Через несколько минут, начиная пристрелку, Михаил сам посмотрел, как поставлена дистанционная трубка, сам проверил наводку и, убедившись, что все сделано так, как передал с наблюдательного пункта командир, поднял вверх руку.
— По белогвардейской рвани, — торжественно закричал Редькин, — и по всем сволочам, а ну, старушка, ахни! — он махнул рукой, первый номер дернул шнур ударника, и «старушка» с шестидюймовым ртом ахнула.
Теперь ждали, что скажет командир. Какие будут даны поправки. Но Алексей почему-то медлил.
В ответ на выстрел начала действовать вражеская батарея. Первый фонтан земли взвился саженях в ста пятидесяти справа, потом снаряды стали ложиться слева и сзади.
Бойцы забеспокоились, полезли в окопчики, стали прижиматься к щитам орудий. Самое страшное в такое время для бойца — безделье. Если бы орудие стреляло, была бы надежда, что их снаряды попадут в неприятеля раньше, чем прилетит вражеский снаряд. Притом во время стрельбы людям нужно внимательно слушать команду, подносить снаряды, прицеливаться. Теперь же все мысли бойцов сводились только к одному: попадет следующий снаряд в батарею или пролетит мимо?
Только один командир орудия невозмутимо сидел на пеньке, и Михаил, не отходя от телефона, доедал оставленный от обеда кусок хлеба, запивая водой из горлышка железного чайника.
Вскоре поступила команда с уточненным прицелом, и после второго пристрелочного выстрела, батарея один за другим сделала несколько залпов. Теперь неприятельские пушки больше не стреляли, и батарея перенесла огонь на живую силу противника.
Через некоторое время послышалось красноармейское ура. Пошла в атаку красная пехота. Белые покатились назад.

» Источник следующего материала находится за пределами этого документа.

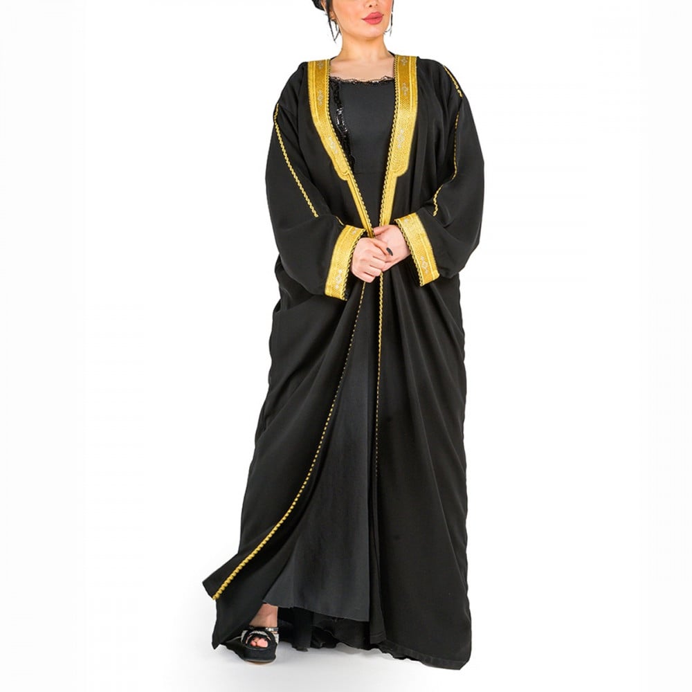 قطعة مميزة بتطريز خاص بالزري الذهبي عباية كلاسيك مع تطريز القبة و الكتف والاكمام بالزري الذهبيموديل العباية كلاسيك ( اكمام )قفلة العباية لفقماش كريبلون العباية اسودعباية كلاسيك لجميع المناسباتصنع بفخر بالمملكة العربية السعودية - الرياض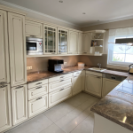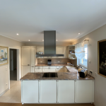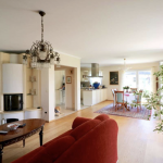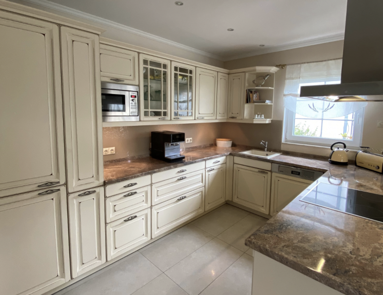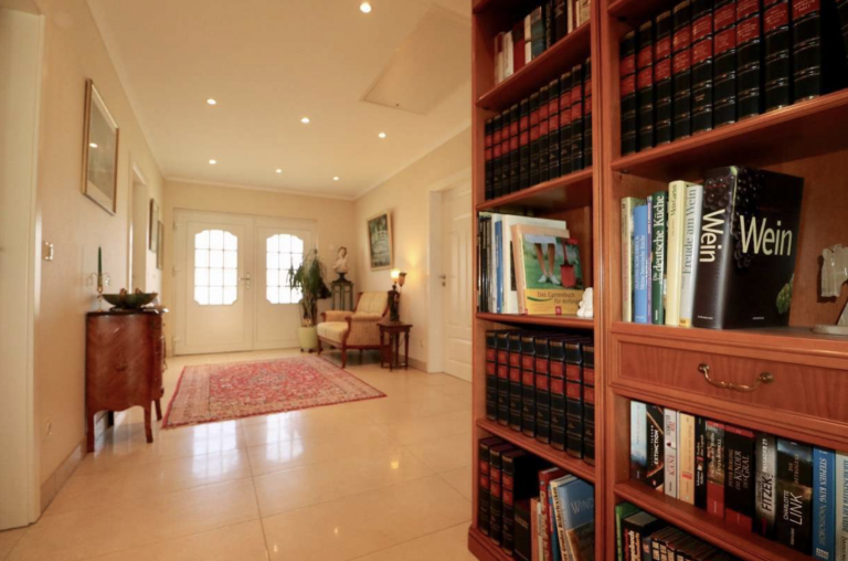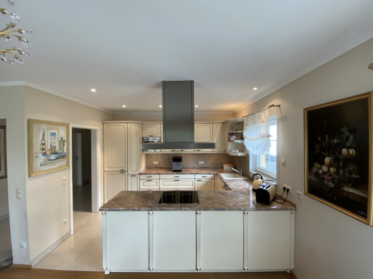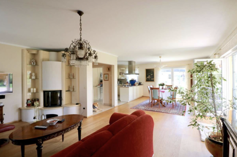 Herzstück des Bungalows ist der ca. 45m² große Wohn-/Essbereich mit offener Küche, welche mit einer hochwertigen Einbauküche (Neuwert ca. 30.000 EUR) ausgestattet ist. Die drei bodentiefen, doppelflügigen Fenster fungieren als Türen und ermöglichen direkten Zugang zum Garten bzw. zur Auffahrt. Das Wohnzimmer beinhaltet einen exklusiven Marmor-Eckkamin, der zu gemütlichen Stunden insbesondere in den Wintermonaten einlädt.

Но много еще тяжелых боев предстояло красным бойцам. После того, как директория была заменена Колчаком, им пришлось еще раз отступать почти до самой Волги. Враг был силен. Он опирался на активную помощь мировой буржуазии и многочисленные контрреволюционные силы внутри России. Не раз еще бросались белогвардейцы в яростные атаки, надеясь разгромить Красную Армию. Но то, что произошло на Восточном фронте осенью 1918 года, не могло уже быть ликвидировано никакими усилиями.
Глава пятнадцатая
Еще в Революционно-военном Совете республики Ершова предупредили о трудностях с продвижением поездов. Теперь он убедился в этом на практике. Хотя он и ехал в скором поезде особого назначения, но так же, как и все поезда, он шел с бесконечным числом больших и малых остановок. Стояли на станциях, на разъездах и на перегонах. То были неисправны пути, то в тендере не оказывалось угля или воды, то не хватало какого-то сигнала будочника, ушедшего со своего поста, а иногда стояли вообще неизвестно почему.